DATA BLOCK »
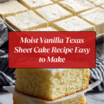 Vanilla Texas Sheet Cake is a moist, tender, and flavorful dessert perfect for any occasion. This large, thin cake is topped with a creamy vanilla frosting that melts into every bite, making it an irresistible treat for family and friends.
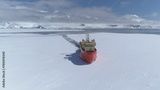 Icebreaker vessel navigating Antarctic waters - breaks through pack ice on its way. Aerial view. Featuring red color Laurence M. Gould Research Boat slicing through the Southern Ocean's ice expanse
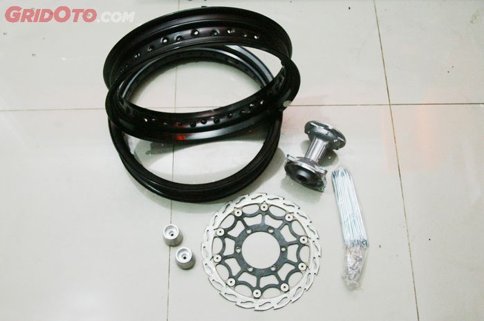 Paket supermoto ini akan dapat pelek TK ukuran 3.00 inci depan dan 3.50 inchi bekalang.

DIRECTIONS »
Every line of the material above must be written out exactly, with no pictures.

REPLY TO THE TASK »
 Vanilla Texas Sheet Cake is a moist, tender, and flavorful dessert perfect for any occasion. This large, thin cake is topped with a creamy vanilla frosting that melts into every bite, making it an irresistible treat for family and friends.
 Icebreaker vessel navigating Antarctic waters - breaks through pack ice on its way. Aerial view. Featuring red color Laurence M. Gould Research Boat slicing through the Southern Ocean's ice expanse
 Paket supermoto ini akan dapat pelek TK ukuran 3.00 inci depan dan 3.50 inchi bekalang.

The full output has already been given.